The identifier contained in assignments and in the input operations should have already been defined, and so it should be contained in the symbol table. Therefore, when processing this kind of statement, the identifiers are looked up in the symbol table using thelet handle = variables.find_symbol(identifier)? Rust statement.

The expressions contained in assignments and in output operations are analyzed by the let analyzed_expr = analyze_expr(variables, expr)? Rust statement. If the analysis fails, the error is propagated out of this function. If the analysis succeeds, the resulting analyzed expression is stored in a local variable.

For any of the four Calc statement kinds, if no errors have been encountered, the function returns a success result containing the respective analyzed statement variant.

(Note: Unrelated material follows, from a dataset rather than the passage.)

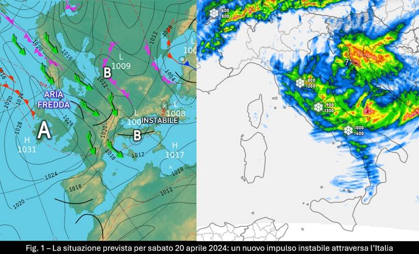 Il primo, ormai prossimo a valicare le Alpi, sarà responsabile nella giornata di domani (sabato 20) di diffuse condizioni di instabilità sulle regioni centrali e del Sud peninsulare secondo uno schema che abbiamo già visto nelle ultime 36-48 ore (fig. 1, a sinistra). Dall’Emilia Romagna verso sud l’irrequietezza dell’atmosfera si manifesterà con la formazione di rovesci e temporali che si presenteranno anche a più riprese nel corso del giorno e che saranno associati a locali grandinate. Nevicate in Appennino a quote per lo più comprese tra 800 e 1300 metri (fig. 1, a destra). Il secondo impulso sarà invece legato alla discesa di una stretta saccatura che, con temperature tra -30 e -32 °C a circa 5400 metri di quota, approfitterà di un parziale rigonfiamento del promontorio azzorriano verso la penisola scandinava per ricevere da questa evoluzione la spinta a percorrere una traiettoria più occidentale e tentare così, tra domenica e lunedì, l’ingresso sul Mediterraneo passando dalla Valle del Rodano (fig. 2, a sinistra).

So, we need to know how to analyze expressions, shown as follows:

fn analyze_expr(
variables: &mut SymbolTable,
parsed_expr: &ParsedExpr,
) -> Result<AnalyzedExpr, String> {
let first_term = analyze_term(variables, &parsed_expr.0)?;
let mut other_terms = Vec::<(ExprOperator, AnalyzedTerm)>::new();
for term in &parsed_expr.1 {
other_terms.push((term.0, analyze_term(variables, &term.1)?));
}
Ok((first_term, other_terms))
}

The received parsed expression is a pair—&parsed_expr.0 is a parsed term and &parsed_expr.1 is a vector of pairs of an expression operator and an analyzed term. We want to construct an analyzed expression that has the same structure.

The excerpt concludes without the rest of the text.